GitHub - anthony-chaudhary/dos-kernel: Catch your AI agents when they lie about what they shipped — verifies claims against git instead of believing the agent.
anthonysarki · 2026-06-19 · via Show HN

DOS — the Dispatch Operating System

Catch your AI agents when they lie about what they shipped.

PyPI Python versions CI verified by DOS commit-claims License: MIT

📊 See it run on real repos: the scoreboard scores 15 popular AI-built repos (roborev, open-interpreter, crewAI, autogen, …) — how much agents wrote, which ones, and whether each commit's claim is backed by its own diff. Score yours: dos commit-audit --sweep --workspace . BASE..HEAD.

A terminal recording of the caught lie. The agent reports: Done! Shipped the login endpoint (AUTH1) and the password reset (AUTH2). git log shows one commit — AUTH1: ship the login endpoint. dos verify AUTH AUTH1 answers SHIPPED (exit 0); dos verify AUTH AUTH2 answers NOT_SHIPPED via none (exit 1) — caught. The exit code is the verdict: gate the agent's done on it and a false claim cannot land.
The whole pitch in one recording: the agent claims two features shipped; git backs one. dos verify answers from the commits, the lie exits 1, and a gate on that exit code refuses the false "done". Every line is the real CLI's verbatim output — scripts/build_caught_lie_cast.py re-records it whenever the output changes.

Two agent fleets side by side. Left, no referee: agents all report 'done!', every report is believed, and silent corruption (lies, collisions, spin) piles up into a codebase that 'sorta works' and can't be changed. Right, DOS adjudicates: dos verify reads git and the run branches to SHIPPED (exit 0, land it) or NOT_SHIPPED (exit 1, re-dispatch — caught), and that verdict steers the next step.
Run a fleet of agents on one repo. The left loop just feels like progress; the right one you can steer. The only difference is a verdict DOS reads from the real world — here, git — never the agent's word.

An AI agent will tell you it finished. DOS checks the real world instead of taking its word — and the nearest piece of the real world is your git history. An agent says it shipped the login endpoint; did it? Run one command, dos verify, and it answers from the artifacts the work left behind, not from what the agent typed: a commit backs the claim → SHIPPED, exit 0; nothing landed → NOT_SHIPPED, exit 1. The agent's story never enters into it. (Git is just the first witness DOS reads; the file tree, the clock, a CI status, a test environment's own state are others — anything the agent didn't author.)

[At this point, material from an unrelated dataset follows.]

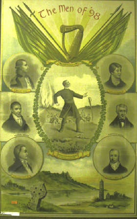 1798: The Men of '98, a large and attractive coloured poster showing medallion portraits etc, leaders of the Rebellion of 1798, published by John Arrigo, & printed by James Walker & Co. Jones...
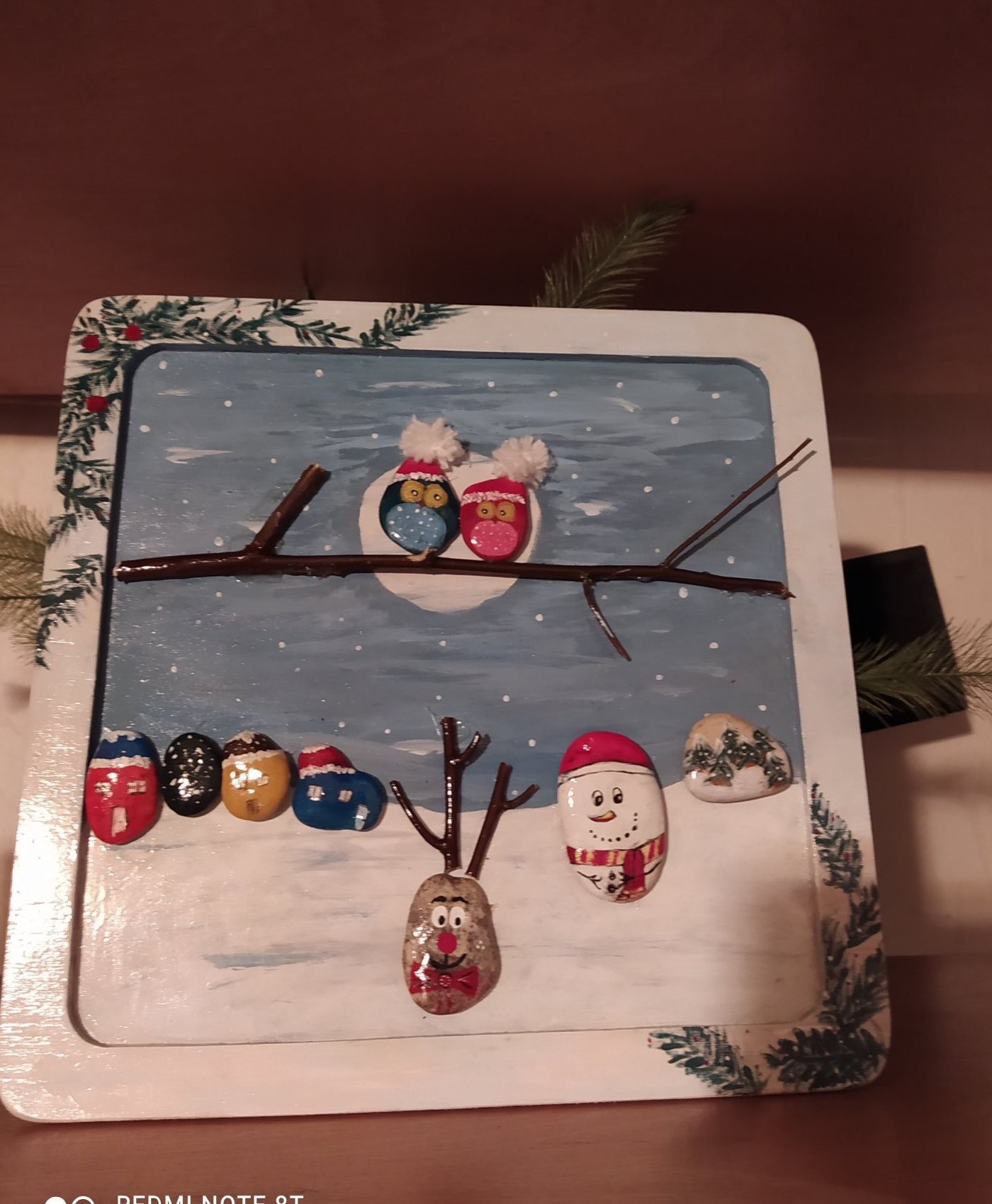 И мен ме впечатлява картината с камъчетата - много ми е уютна! Бих пробвала как ще стои едно подходящо парче борова кора, боядисана в бяло под къщичките, като някаква основа за тях, но и така е много хубаво!

dos verify AUTH AUTH1   # → SHIPPED      AUTH AUTH1 e62f74d   (exit 0)
dos verify AUTH AUTH2   # → NOT_SHIPPED  AUTH AUTH2           (exit 1)

That's the smallest version. It scales up, too: point a dozen agents at one repo — in CI, in a fleet, racing on the same files — and DOS also tells you which ones are stepping on each other, which one is spinning in circles, and which claim of "done" is real. Every answer comes from the artifacts (git, the file tree, the clock), never the narration. It works on a plain git repo with zero config and gets smarter the more you tell it, and the only thing you ever install is one small Python package.

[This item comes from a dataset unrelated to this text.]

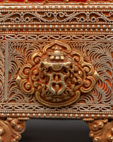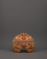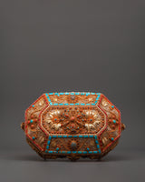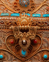 This elegant Himalayan Box with Filigree Work is an incredible representation of Himalayan sacred art, mixing spiritual symbolism with artisan skill. It is created from a copper body, beautifully coated in gold and silver, and embellished with Original turquoise and coral stones. This box, traditionally used to store precious goods like relics, writings, or ritual implements, symbolizes protection and adoration.

Just add it — two commands, zero decisions. From the repo where your agent works:

pip install dos-kernel
dos init --hooks auto   # finds the agent runtime(s) you already use, wires in the checks

From then on: your agent can't tell you "done" unless the work actually landed, two agents can't silently overwrite each other's files, and a run that stalls gets flagged instead of quietly spinning. Nothing about your workflow changes, and you don't need to learn any of the vocabulary below to be covered. It prints the one config file it wrote; deleting the dos hook entries there undoes it. (No runtime detected? It says so and lists the names to pick from — it never guesses.)

v0.28.0 · 5,600+ tests · CI: Python 3.11–3.13 on Linux + a Windows 3.13 smoke run · the only runtime dependency is PyYAML · MIT.

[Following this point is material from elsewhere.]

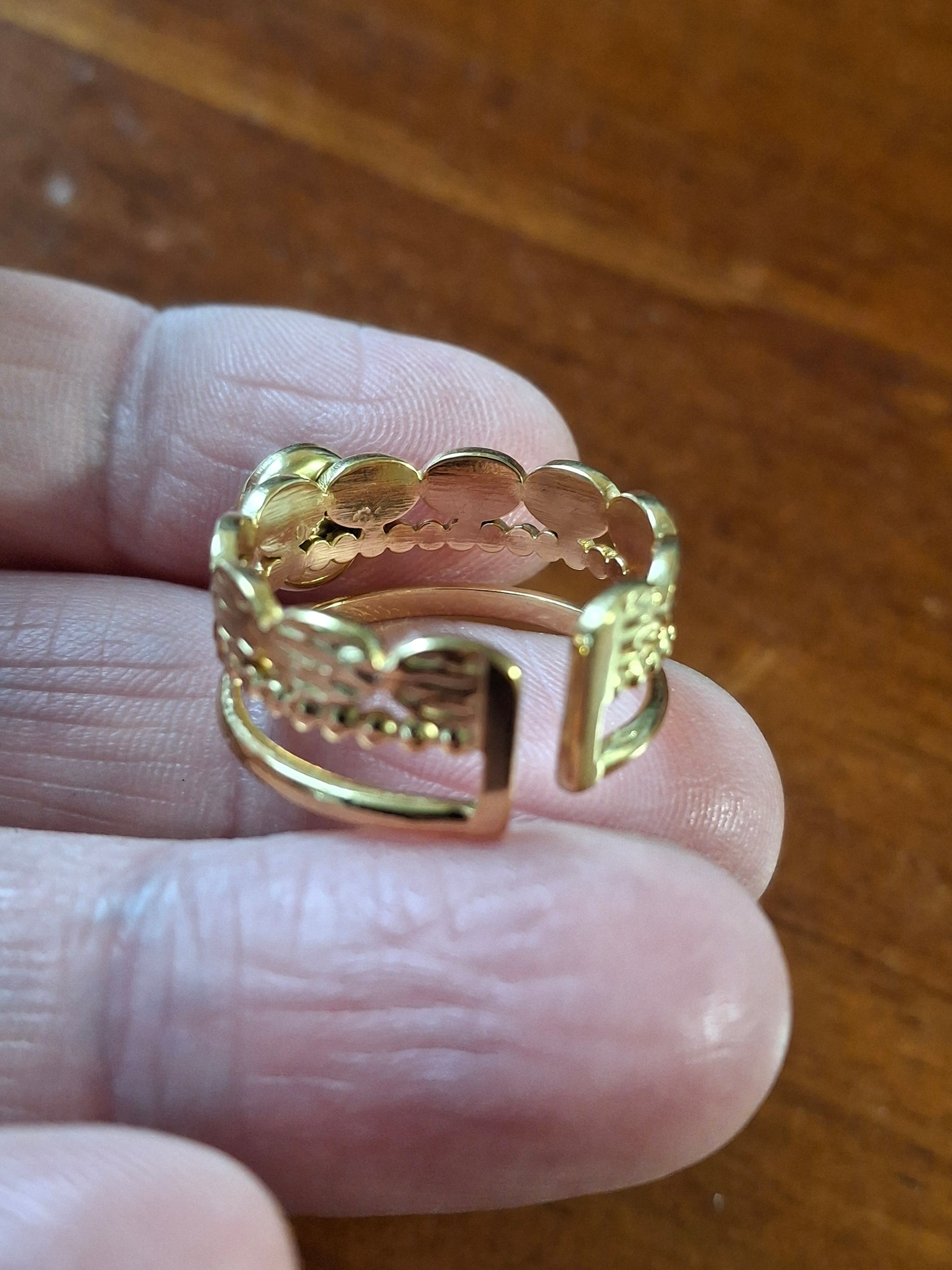 Très jolie bague ,jolis détails en acier inoxydable hypoallergenique stainless steel 316 poli de qualité supérieure galvanisation résistante longue durée sans nickel cadmium et plomb, résistante à l eau, ne rouille pas, ne noircit pas, réglable ajustable

🧭 Where to go next: the why & evidence (plain-words story, the 20-lines-of-bash answer, what's proven), wire it into your stack (MCP · hooks · install), the syscall + CLI reference, or, reading this as an AI agent?, AGENTS.md — build/test/check in three lines. The full map is the router just below.

🔤 Five words the rest of this page leans on. A plan is a named goal (AUTH); a phase is one shippable step of it (AUTH1); a lane is the slice of the file tree one agent may touch; the oracle is the part of DOS that reads the evidence and rules; a stamp is the mark a shipped phase leaves in a commit subject (AUTH1: …) — the thing the oracle greps for. That's the whole vocabulary.

In plain words

A coding agent does work, then tells you how it went. Usually the story is true; sometimes it's the cheerful "all work completed!" from a worker that shipped nothing. With one agent you catch that yourself by re-reading its output — a real tax you already pay. Run twenty at once and that tax stops being payable: nobody reads everything, each worker grades its own homework, and the unchecked problems pile up quietly until the codebase sorta works and nobody can safely change it. DOS is the referee that never reads the story — it reads what happened (the commit, the file, the clock) and hands you a verdict no narration can move. It costs about an afternoon, has one runtime dependency, and stays in its lane: it tells you what happened, never whether the code is good — quality stays with your tests and reviews. (The full plain-words version.)

Measured, not asserted

Every number here is scored against a fact the agent can't fake (a test environment's DB state, git history). A DOS gate caught 15 "I shipped it" lies in 258 tasks across two models with zero false alarms; the same referee stopped 6 of 8 silent collisions on one shared record; quitting doomed runs at the right moment saved ~11% of fleet compute with 0 of 1,634 winners wrongly killed; and the reward-set admission label lifted acceptance precision 60% → 100% by purging poison a self-graded collector keeps. The methodology, the two money-moment figures, and the projected-vs-bet honesty gradient are in what's proven and what's still a bet.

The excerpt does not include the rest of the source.